Herr Hippe stood in the doorway, scowling. His eyes seemed to scorch the poor hunchback, whose form, physically inferior, crouched before that baneful, blazing glance, while his head, mentally brave, reared itself, as if to redeem the cowardice of the frame to which it belonged. So the attitude of the serpent: the body pliant, yielding, supple; but the crest thrown aloft, erect, and threatening. As for Zonela, she was frozen in the attitude of motion; — a dancing nymph in colored marble; agility stunned; elasticity petrified.

Furbelow, astonished at this sudden change, and catching, with all the mysterious rapidity of instinct peculiar to the lower animals, at the enigmatical character of the situation, turned his pleading, melancholy eyes from one to another of the motionless three, as if begging that his humble intellect (pardon me, naturalists, for the use of this word “intellect” in the matter of a monkey!) should be enlightened as speedily as possible. Not receiving the desired information, he, after the manner of trained animals, returned to his muttons; in other words, he conceived that this unusual entrance, and consequent dramatic tableau, meant “shop.” He therefore dropped Zonela’s hand and pattered on his velvety little feet over towards the grim figure of the Wondersmith, holding out his poor little paw for the customary copper. He had but one idea drilled into him — soulless creature that he was — and that was, alms. But I have seen creatures that professed to have souls, and that would have been indignant, if you had denied them immortality, who took to the soliciting of alms as naturally as if beggary had been the original sin, and was regularly born with them, and never baptized out of them. I will give these Bandits of the Order of Charity this credit, however, that they knew the best highways and the richest founts of benevolence — unlike to Furbelow, who, unreasoning and undiscriminating, begged from the first person that was near. Burbelow, owing to this intellectual inferiority to the before-mentioned Alsatians, frequently got more kicks than coppers, and the present supplication which he indulged in towards the Wondersmith was a terrible confirmation of the rule. The reply to the extended pleading paw was what might be called a double-barrelled kick — a kick to be represented by the power of two when the foot touched the object, multiplied by four when the entire leg formed an angle of 45 deg. with the spinal column. The long, nervous leg of the Wondersmith caught the little creature in the centre of the body, doubled up his brown, hairy form, till he looked like a fur driving~glove, and sent him whizzing across the room into a far corner, where he dropped senseless and flaccid.

This vengeance which Herr Hippe executed upon Furbelow seemed to have operated as a sort of escape-valve, and he found voice. He hissed out the question, “Who are you?” to the hunchback; and in listening to that essence of sibilation, it really seemed as if it proceeded from the serpent that curled upon his upper lip.

“Who are you? Deformed dog, who are you? What do you here?”

“My name is Solon,” answered the fearless head of the hunchback, while the frail, cowardly body shivered and trembled inch by inch into a corner.

“So you come to visit my daughter in the night-time, when I am away?” continued the Wondersmith, with a sneering tone that dropped from his snake-wreathed mouth like poison. “You are a brave and gallant lover, are you not? Where did you win that Order of the Curse of God that decorates your shoulders? The women turn their heads and look after you in the street, when you pass, do they not? lost in admiration of that symmetrical figure, those graceful limbs, that neck pliant as the stem that moors the lotus! Elegant, conquering Christian cripple, what do you here in my daughter’s room?”
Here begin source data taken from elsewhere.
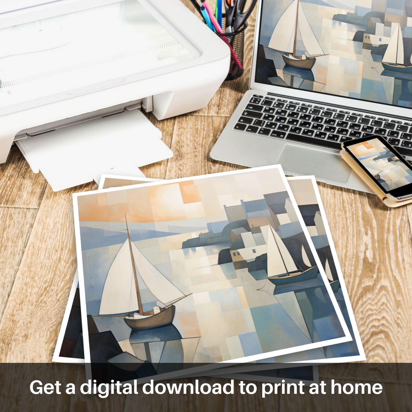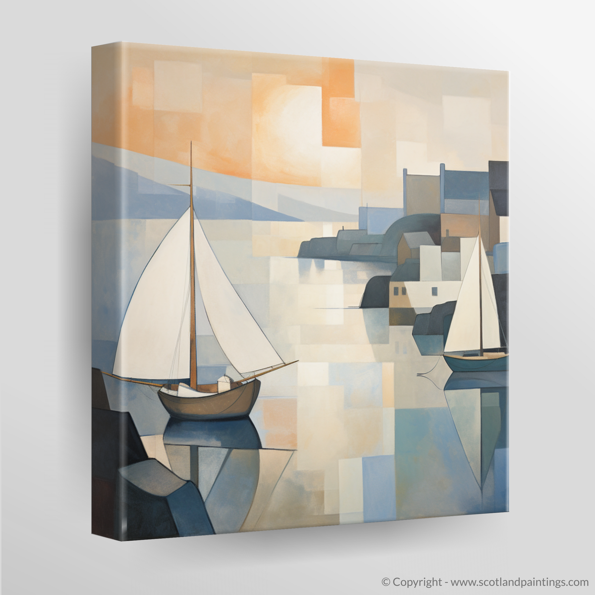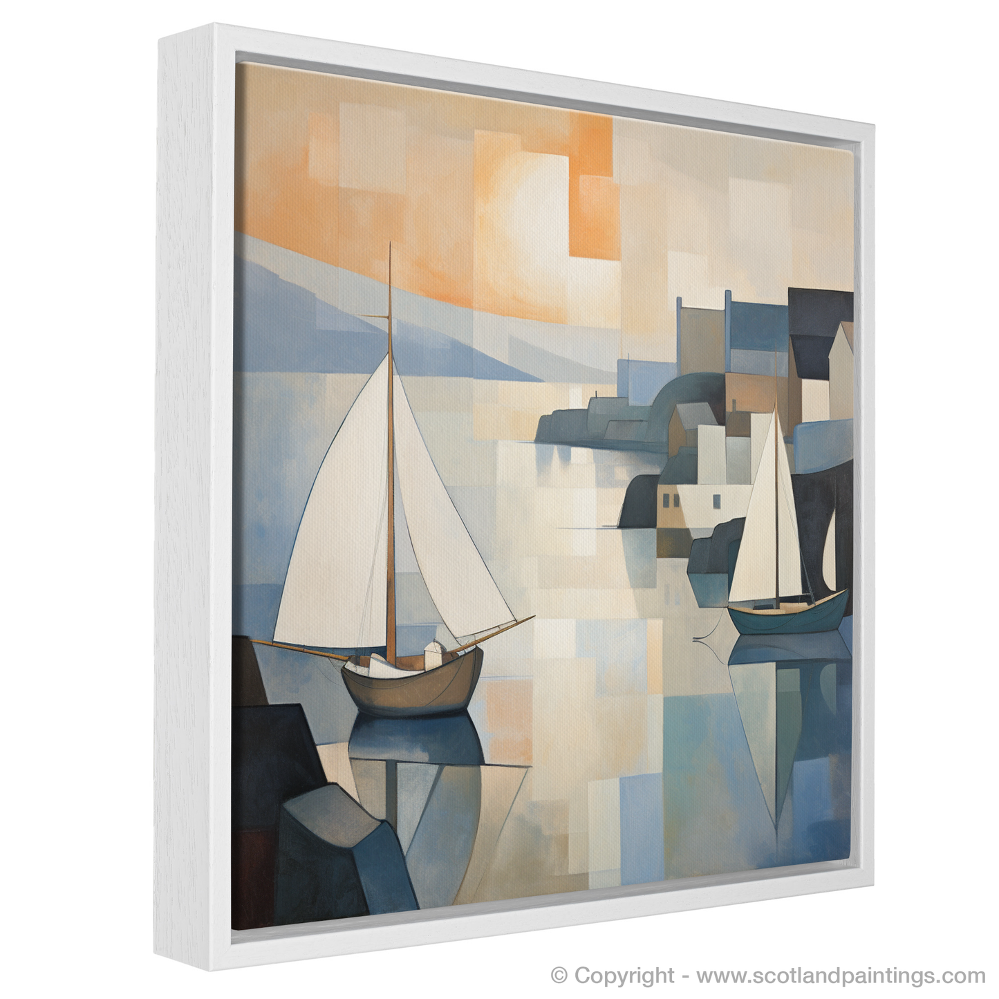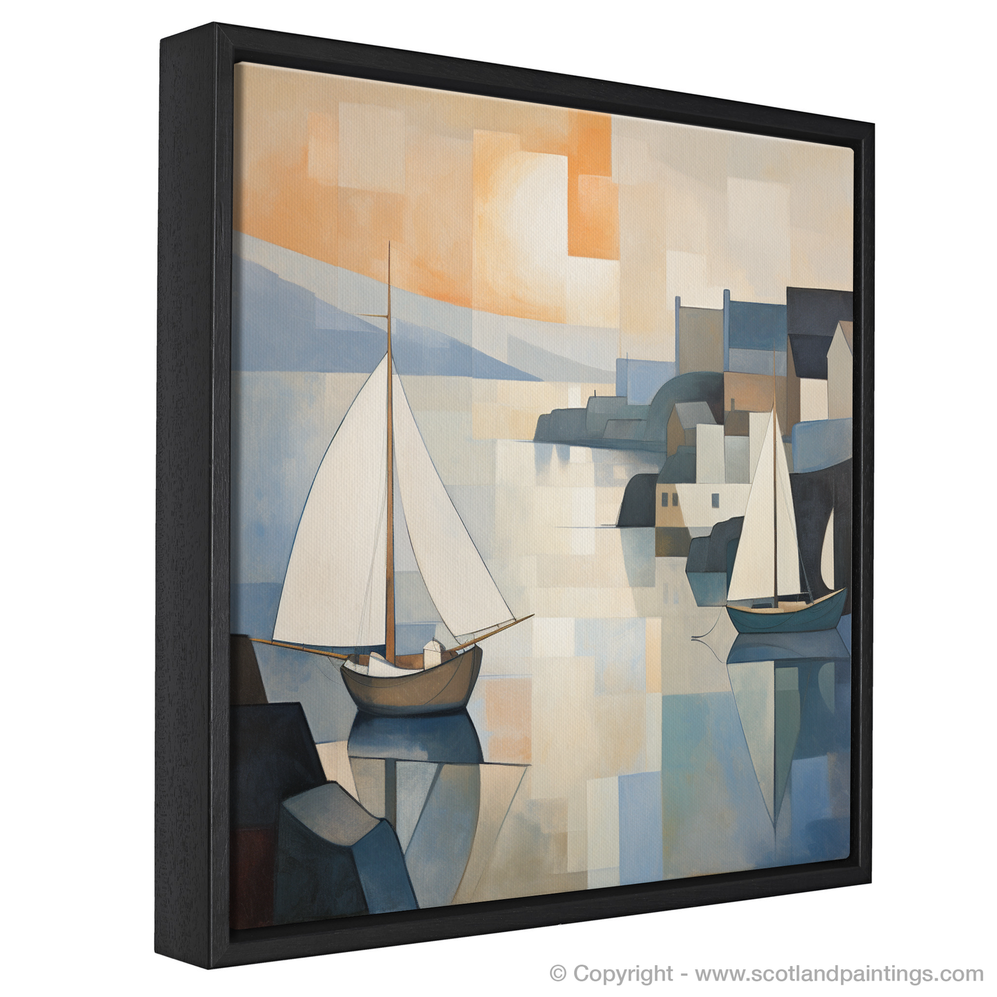 Immerse yourself in the robust tranquillity of a Scottish cove as dusk approaches, interpreted through the unique lens of Cubism. This distinct print captures the essence of Catterline Bay, where angular artistry reimagines seascapes and shorelines. Creamy sands and soft blues are reconstructed into a succession of fragmented surfaces and planes, giving the viewer a simultaneous sense of depth and flat abstraction. The heart of the composition features two elegant sailboats, their sails billowing gracefully, rendered in crisp whites and defined by sharp lines that contrast with the subtle palette of the sky and water.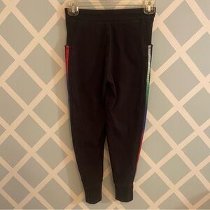 Stylish Adidas kids joggers in black with vibrant multicolor stripes. Perfect for active days.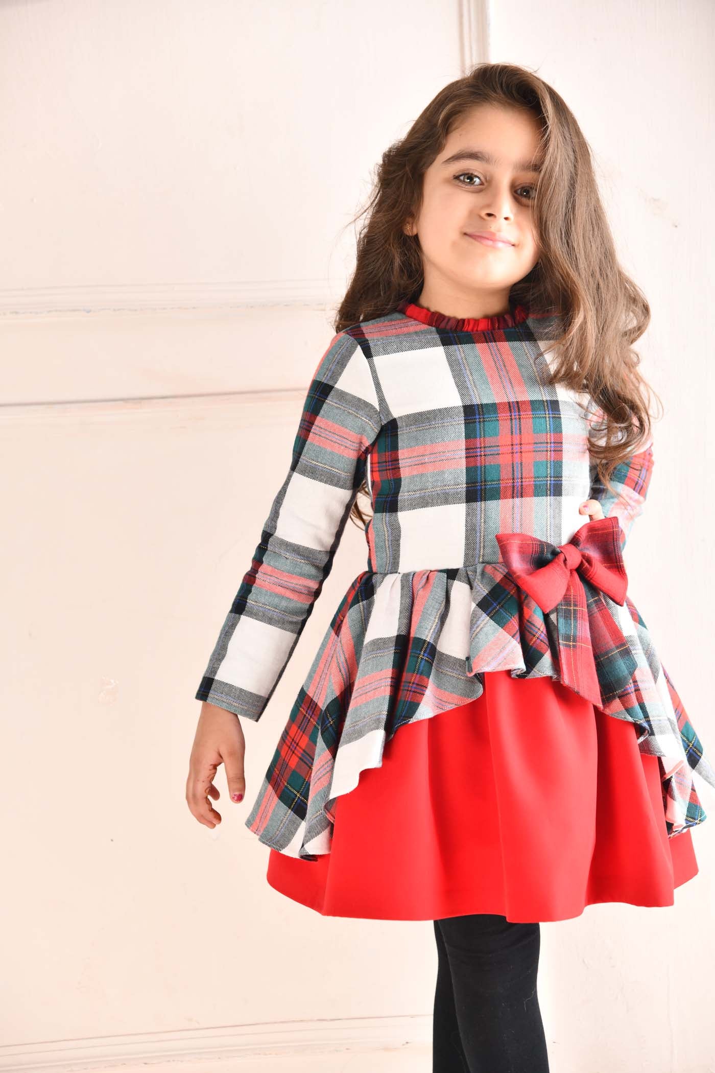 Beautiful ivory lace detailings  Lined with comfortable cotton  Ward off the seasonal chill with our winter delight. Hand crafted in soft , breathable plaid checks with cascade ruffles , finished with a chic rose bow .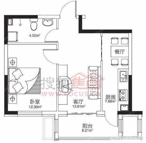 1室1厅1卫-44.30平米一居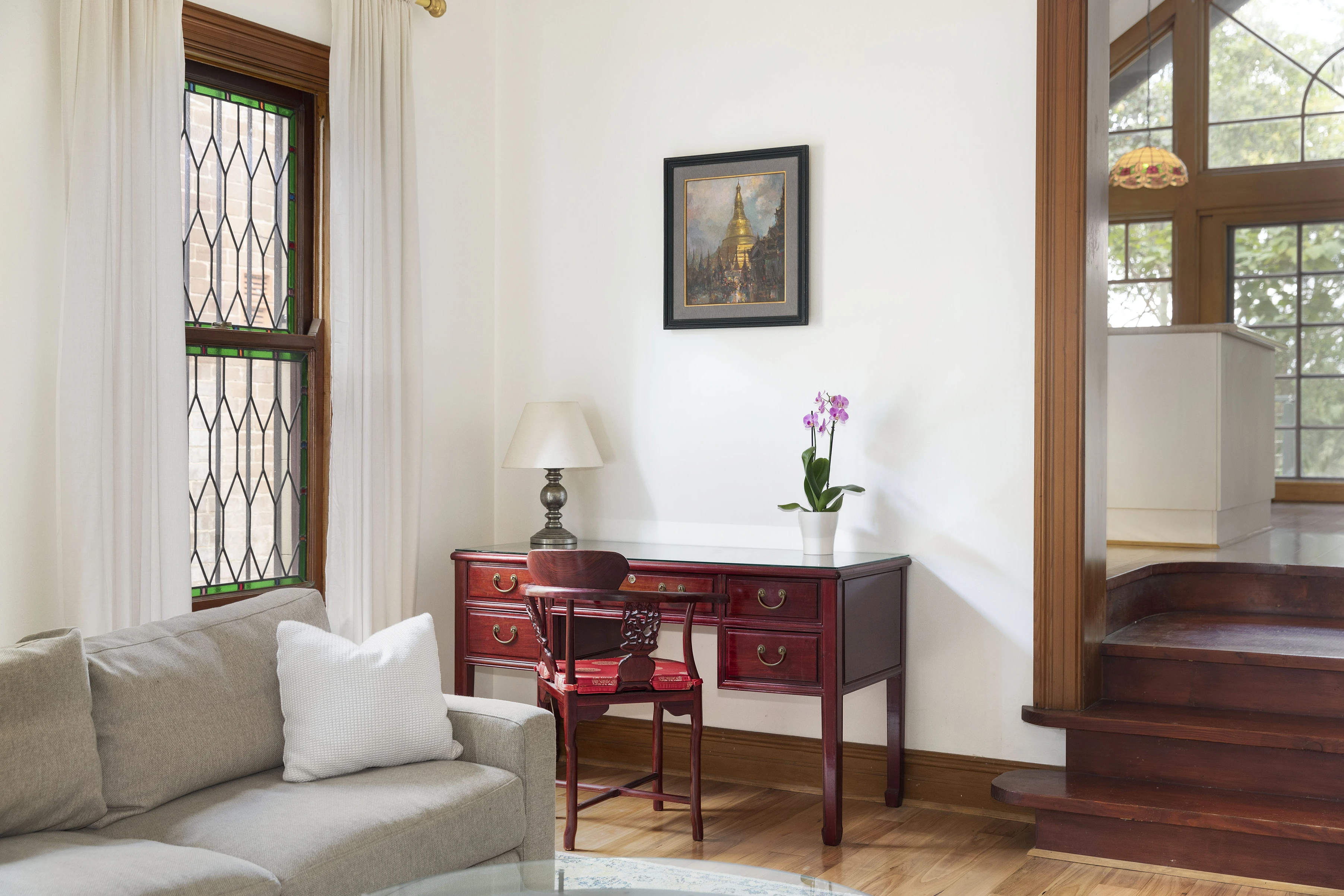 Soaring beamed cathedral ceilings frame a tropical garden overlooking expansive views of Marrickville golf course and the Cooks River. Just a stroll away from the Inner West cafes and transport hubs, it’s hard to imagine a better location in the area than this one. A classic Victorian residence on 575sqm with rear access, it's a versatile family home.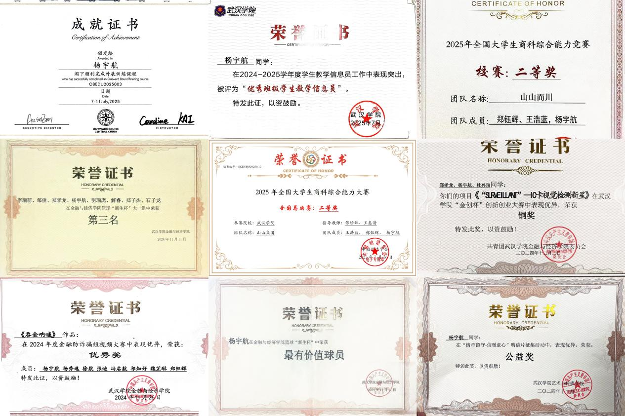 【人物名片】杨宇航,国际经济与贸易2401班班长,金融与经济学院院级信息员,经济学社国贸跨电分社部长。2024—2025学年期末成绩平均分85分以上,位于专业前列。除学习课堂知识以外,他积极投身校园活动,获活动证明20余次。在竞赛方面表现较为出色,荣获1次国家级二等奖、创新创业省级立项成员、3次校级奖项及多次院级奖项。作为班委,他积极发挥引领带头作用组织班级各项活动,增强班级凝聚力。
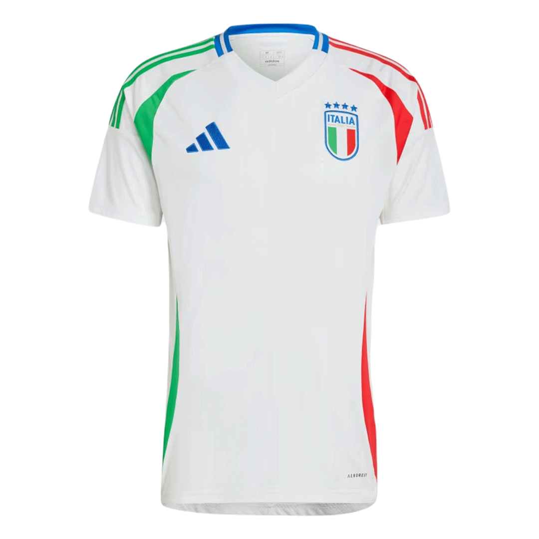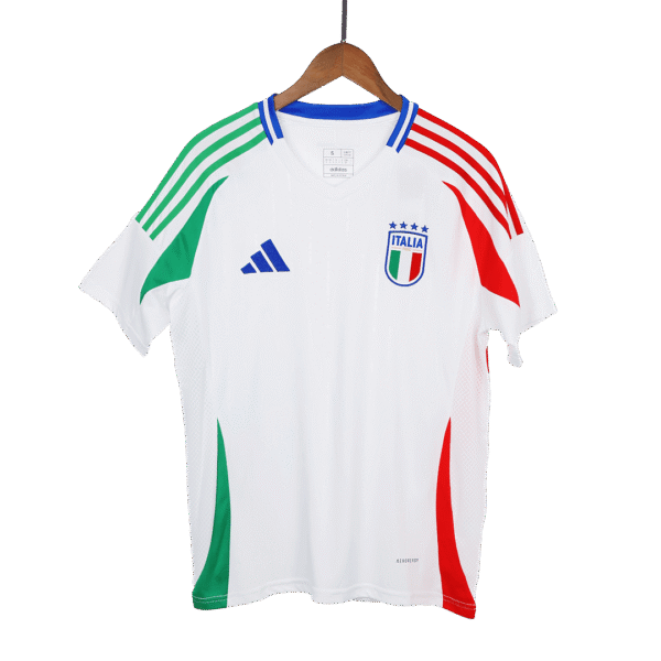The Italy 2024 away jersey combines a white base with blue brand logos and the jersey is adorned with the national crest on the chest and the green 3-Stripes on the sleeves. Italy jersey EURO 2024 is inspired by the 2006 World Cup jersey, with a three-color splicing design – green, white and red. On the lower right corner of the Ital jersey EURO 2024 is a new white/gold jersey badge.
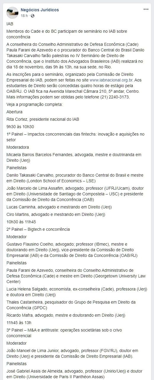 Início » IAB na imprensa » Membros do Cade e do BC participam de seminário no IAB sobre concorrência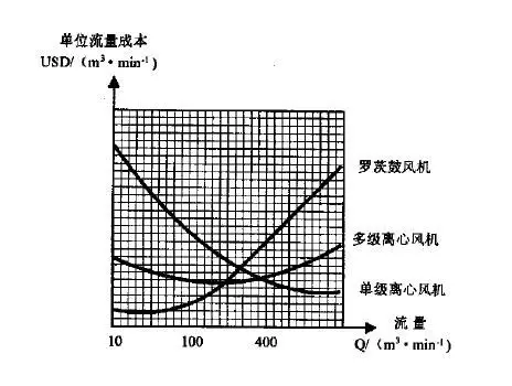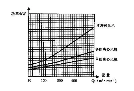 三種風(fēng)機(jī)的能耗對比見:三種風(fēng)機(jī)流量—功率曲線圖(見圖1) 。在流量較小時,三種風(fēng)機(jī)效率差異不是很顯著;對于大流量風(fēng)機(jī),由于羅茨式轉(zhuǎn)速無法提高,效率較低;另兩種離心風(fēng)機(jī)差距較小。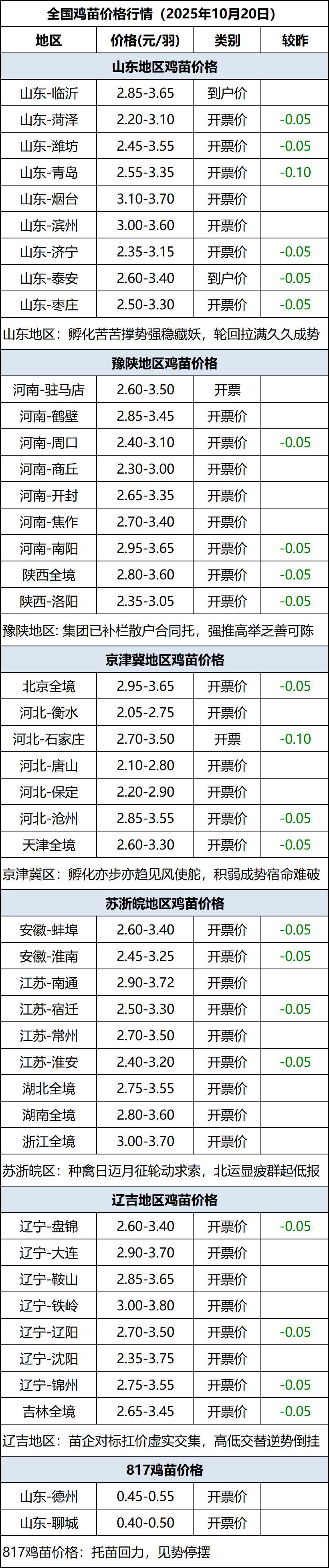 10月20日全国鸡苗(肉鸡)价格行情(落价)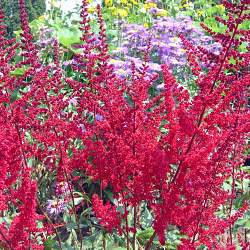 Астильба Glut (Глут). Форма соцветия метельчатая, ажурная, со слегка поникающими кончиками. Цвет ярко-красный. Прекрасно растёт в тени и полутени.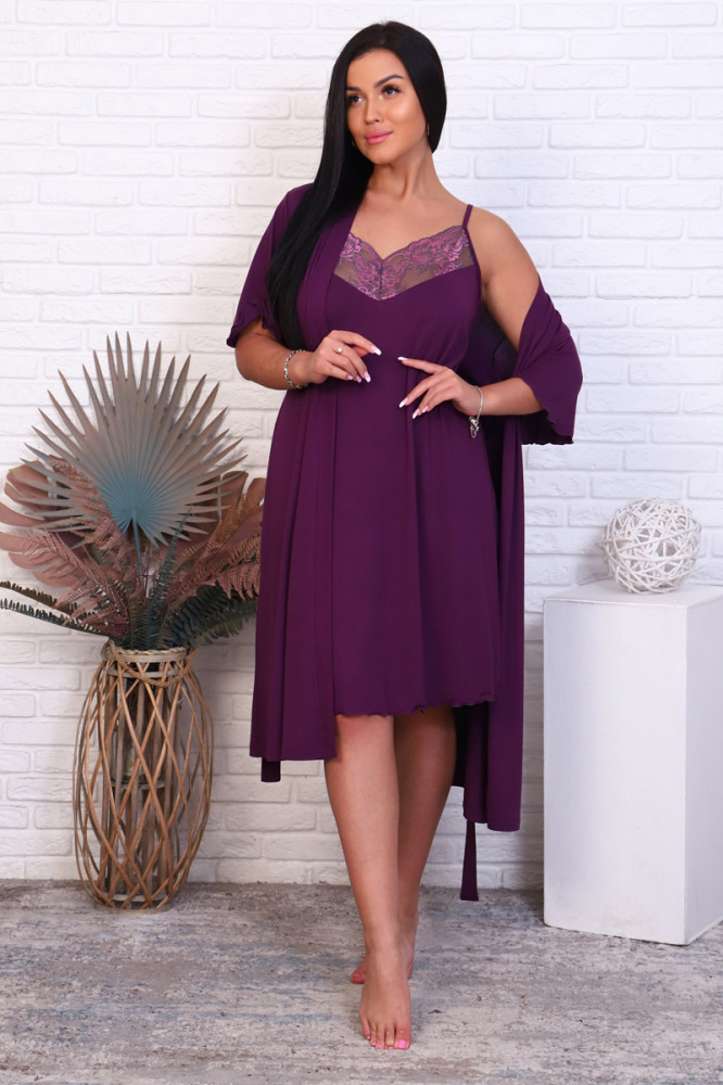 Комплект очень понравился, сразу стала пользоваться, сорочка для наших алматинских летних ночей очень подошла, в ней не жарко и халатик на утро очень удобно, пришила на уровне талии 2 пуговки и обхожусь без пояса (ну это уже возрастное - всё что стягивает мешает)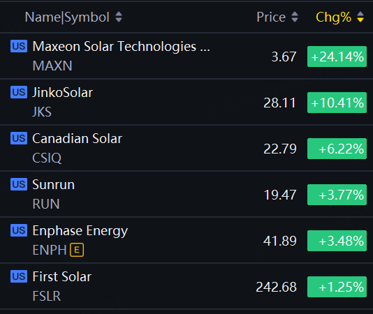 Solar stocks jumped on Friday. Maxeon Solar up over 24%; JinkoSolar up over 10%; Canadian Solar up over 6%; Sunrun, Enphase Energy up over 3%.

Can you imagine Jove, limitless in power and wrath, hurling from his vast grasp mountain after mountain upon the struggling Enceladus — and picture the Titan sinking, sinking, deeper and deeper into the earth, crushed and dying, with nothing visible through the super-incumbent masses of Pelion and Ossa, but a gigantic head and two flaming eyes, that, despite the death which is creeping through each vein, still flash back defiance to the divine enemy? Well, Solon and Herr Hippe presented such a picture, seen through the wrong end of a telescope — reduced in proportion, but alike in action. Solon’s feeble body seemed to sink into utter annihilation beneath the horrible taunts that his enemy hurled at him, while the large, brave brow and unconquered eyes still sent forth a magnetic resistance.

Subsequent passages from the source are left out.